[Records from a data collection]
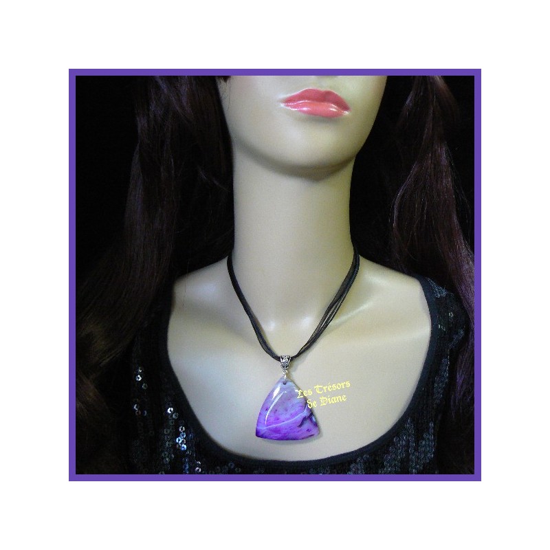 Beau pendentif en agate naturelle de différentes nuances de violet et de parme.
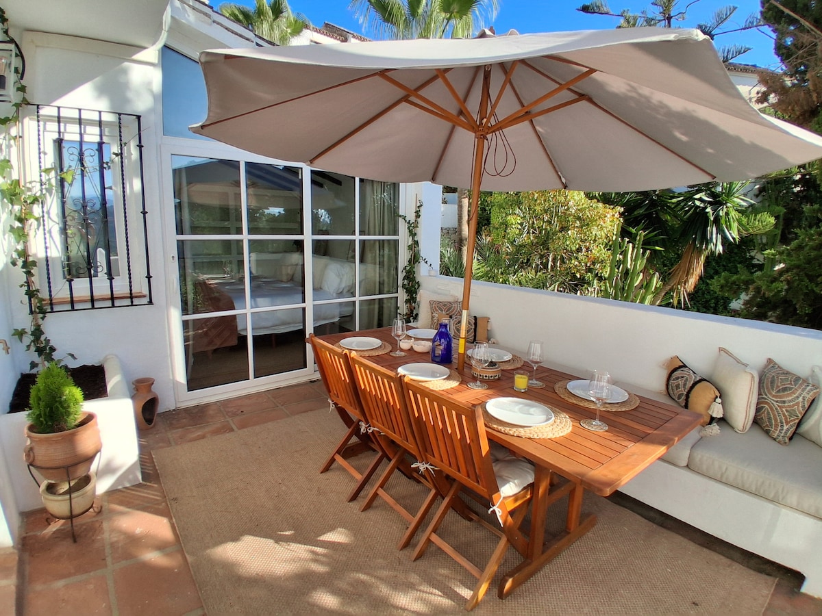 Wake up to uninterrupted golf-front views and morning sun on your private terrace - just minutes from Cabopino’s beaches and marina. Designed for families or small groups looking to relax and switch off, this spacious 3-bedroom home offers bright, open living and plenty of room to unwind. Recently renovated, it combines Andalusian charm with a clean, modern feel, set in a peaceful residential area with a communal pool, private entrance, and parking. Sleeps 6.
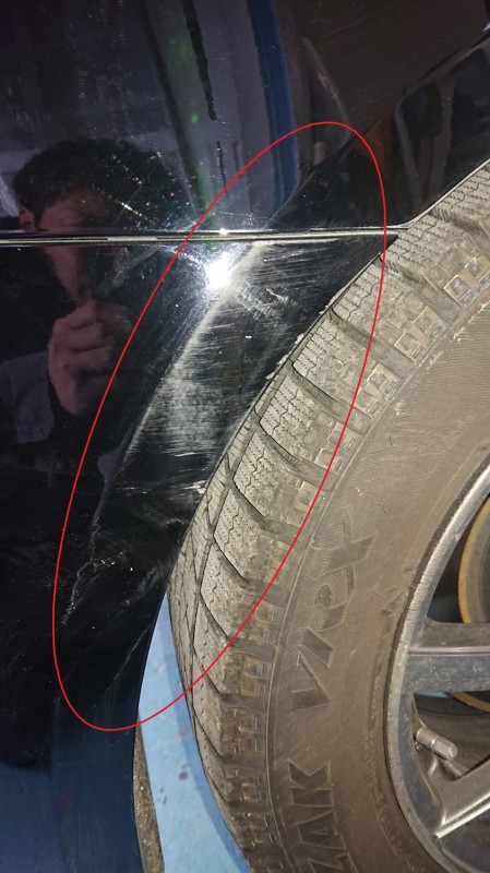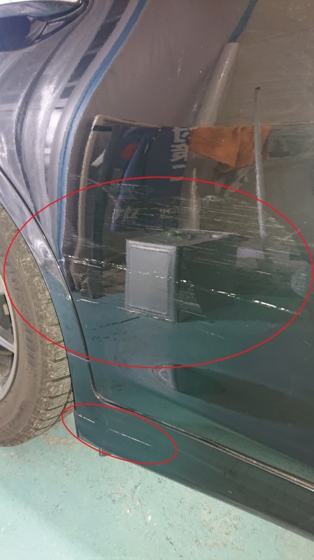 右リアドア、サイドスカート、クォーターパネルがキズついてますね。
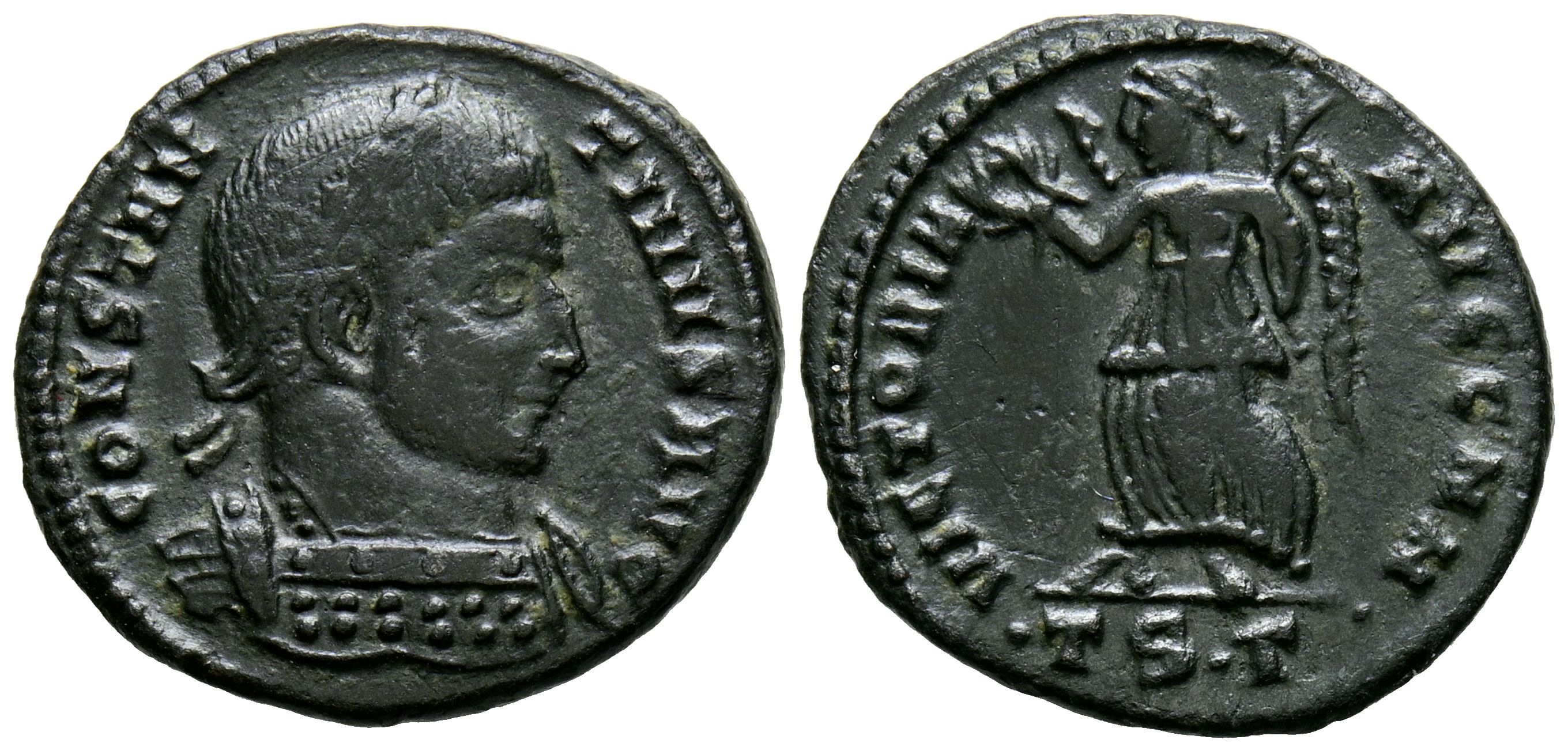 CONSTANTINO I. Follis. (Ae. 3,11g/19mm). 307-337 d.C. Tesalónica. (RIC 59). Anv: Busto laureado y con coraza de Contantino I a derecha, alrededor leyenda: CONSTANTINVS AVG. Rev: Victoria estante a izquierda, en exergo: TSr, alrededor leyenda: VICTORIA AVGG NN. MBC-.
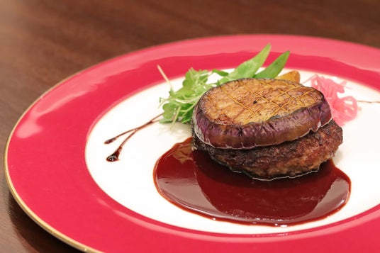 - 上州牛とハーブ豚のハンバーグ 福井県鯖江市産吉川ナスのステーキ添え…3,000円
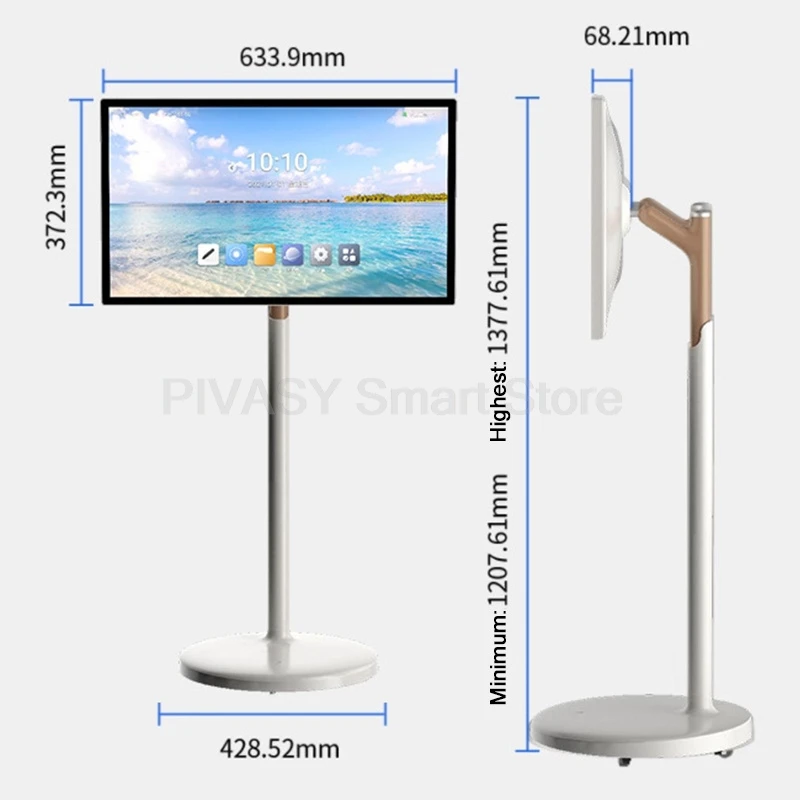 27 32Inch Smart TV 10-Point Touch Screen Monitor Mobile Stand Android12 for Fitness Home Party Office Wireless Casting Rotatable

* Task item: Copy out the data above exactly, except the pictures.

* Written response:
 Beau pendentif en agate naturelle de différentes nuances de violet et de parme.
 Wake up to uninterrupted golf-front views and morning sun on your private terrace - just minutes from Cabopino’s beaches and marina. Designed for families or small groups looking to relax and switch off, this spacious 3-bedroom home offers bright, open living and plenty of room to unwind. Recently renovated, it combines Andalusian charm with a clean, modern feel, set in a peaceful residential area with a communal pool, private entrance, and parking. Sleeps 6.
 右リアドア、サイドスカート、クォーターパネルがキズついてますね。
 CONSTANTINO I. Follis. (Ae. 3,11g/19mm). 307-337 d.C. Tesalónica. (RIC 59). Anv: Busto laureado y con coraza de Contantino I a derecha, alrededor leyenda: CONSTANTINVS AVG. Rev: Victoria estante a izquierda, en exergo: TSr, alrededor leyenda: VICTORIA AVGG NN. MBC-.
 - 上州牛とハーブ豚のハンバーグ 福井県鯖江市産吉川ナスのステーキ添え…3,000円
 27 32Inch Smart TV 10-Point Touch Screen Monitor Mobile Stand Android12 for Fitness Home Party Office Wireless Casting Rotatable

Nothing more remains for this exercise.